The Reserve Bank of India revised the real GDP growth projection for 2020-21 from -9.5% to -7.5%, Governor Shaktikanta Das said in an online briefing at the end of the meeting of the Monetary Policy Committee. The central bank had estimated that GDP would shrink 9.5 percent in its October assessment. The RBI governor also expressed confidence that the economy will witness positive GDP growth in the second half of fiscal year 21. The revised projection comes in the context of the RBI’s decision to maintain an “accommodative” policy stance. in its fifth bimonthly monetary policy for fiscal year 21.
The Monetary Policy Committee of the Reserve Bank of India kept the key interest rate unchanged at 4 percent, keeping rates at existing levels for the third consecutive review. Since May, the buyback rate, or the key interest rate at which the RBI lends money to commercial banks, has been stable at a 19-year low of 4%. The reverse repurchase rate, the rate at which the RBI borrows from banks, will remain at 3.35%.

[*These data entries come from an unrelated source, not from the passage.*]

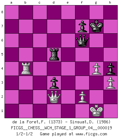 Last move : 1/2-1/2 2018 September 8 12:22:13 [Event "FICGS__CHESS__WCH_STAGE_1_GROUP_04__000019"] [Site "FICGS"] [Date "2018.03.02"] [Round "1"] [White "de la Foret,Fred"] [Black "Sinsuat,Datuali"] [Result "1/2-1/2"] [WhiteElo "1373"] [BlackElo "1986"] 1.e4 c6 2.Nc3 d6 3.Nf3 Nd7 4.d4 Qc7 5.Be2 Ngf6 6.O-O e5 7.a4 Be7 8.Nh4 exd4 9.Qxd4 Nc5 10.Nf5 Bxf5 11.exf5 d5 12.Bf4 Bd6 13.Qe3+ Kd8 14.Bxd6 Qxd6 15.b4 Ncd7 16.b5 Re8 17.Qf3 Ke7 18.a5 a6 19.bxc6 bxc6 20.Na4 Kf8 21.Nb6 Nxb6 22.axb6 Rab8 23.Rxa6 Qc5 24.c4 dxc4 25.b7 Nd5 26.Ra4 c3 27.Ba6 c2 28.Rc1 Nb4 29.g3 Qd6 30.Kg2 c5 31.Bb5 Red8 32.Ra8 Qd2 33.Rxb8 Rxb8 34.Qe4 Qd4 35.Qe2 Qd5+ 36.Kg1 Qxb7 37.Ba4 Qd5 38.Re1 c1Q 39.Qe7+ Kg8 40.Rxc1 Nd3 41.Rf1 h5 42.Bc2 c4 43.f6 gxf6 44.Qxf6 Re8 45.Qh6 Re6 46.Qd2 h4 47.h3 Qd4 48.Bxd3 cxd3 49.g4 Re5 50.Rb1 Kh7 51.Rd1 Kg7 52.Rb1 Kg6 53.Rb3 Rd5 54.Rb2 Kg7 55.Rb3 Qa1+ 56.Kg2 Qa6 57.Rb8 Qc6 58.Qb2+ Rd4 59.Kg1 Qf6 60.Qd2 Rd5 61.Kg2 Qd4 62.Rb3 Qe4+ 63.Kg1 Qd4 64.Rb8 Qc5 65.Rb7 Qd6 66.Rb4 Qf6 67.Rb3 Qh6 68.Qc3+ Qf6 69.Qd2 Qd6 70.Rb4 Qh6 71.Qc3+ Qf6 72.Qd2 1/2-1/2 Caro-Kann defense Kingside Castling by player White (move 6) Promotion Queen by player Black (move 38) This chess game ended in a draw. Follow this game move after move (download)I have always a slight feeling of pity for the man who has no knowledge of Chess. (Siegbert Tarrasch) Im Schach gibt es keinen Platz für Galanterie. (Irving Chernev) Nunca nadie ha ganado una partida de Ajedrez rindiendose. (Unknown) La solitude du joueur d'Echecs à l'approche du mat est semblable à celle du condamné. (Francis Szpiner) Life is pain my dear and anyone who says otherwise is selling something. (Princess Bride)
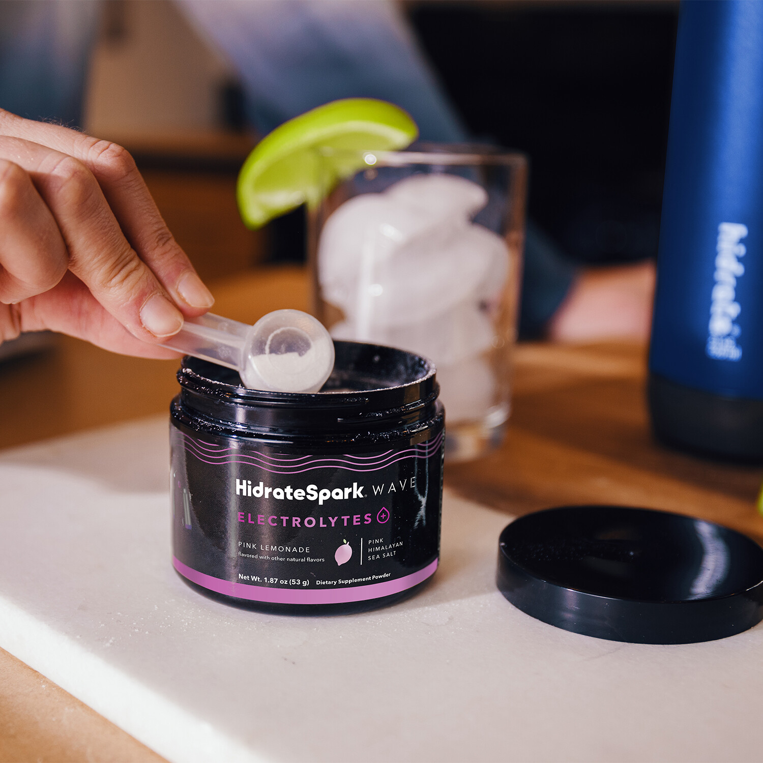 Add HidrateSpark's Wave Electrolyte Supplement to your smart water bottle to revitalize your healthy hydration habits. Full of flavor and packaged in a lightweight, recyclable container, this pink lemonade supplement mix features 6 key electrolytes plus bonus minerals and vitamins. It is sugar free, zero calories, and made with pink Himalayan sea salt. Just add 1 level scoop to 16 fl oz of cold water, shake or stir to mix thoroughly, then sip and enjoy!
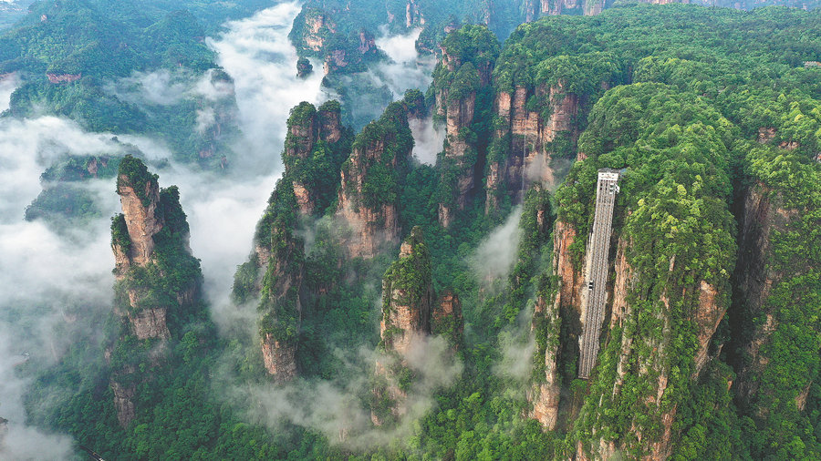 "We've put in significant efforts to protect heritage resources in Wulingyuan. Thanks to years of preservation, the lush and green hills clothed in wild profusions of vegetation are more beautiful," he says.
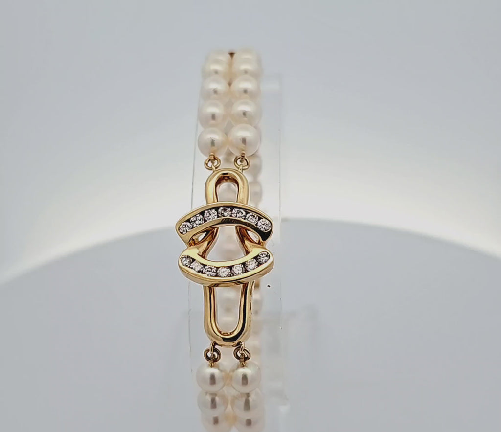 This elegant and sophisticated Fresh Water Pearl and Diamond Bracelet from the Westgate Jewelers Estate Collection is a true statement piece. Featuring a beautiful double-stranded design and toggle style clasp, it exudes luxury with its 18k yellow gold setting. The addition of channel set diamond accents adds a touch of sparkle and glamour to this timeless accessory.

Most economists expected the monetary policy status quo, amid high levels of inflation and a contraction in gross domestic product (GDP).
Retail inflation in the country rose to its highest level in October in more than six years due to higher food prices. According to data from the Consumer Price Index (CPI) published by the Ministry of Statistics and Program Implementation, inflation stood at 7.61% in October, the highest level since May 2014.
.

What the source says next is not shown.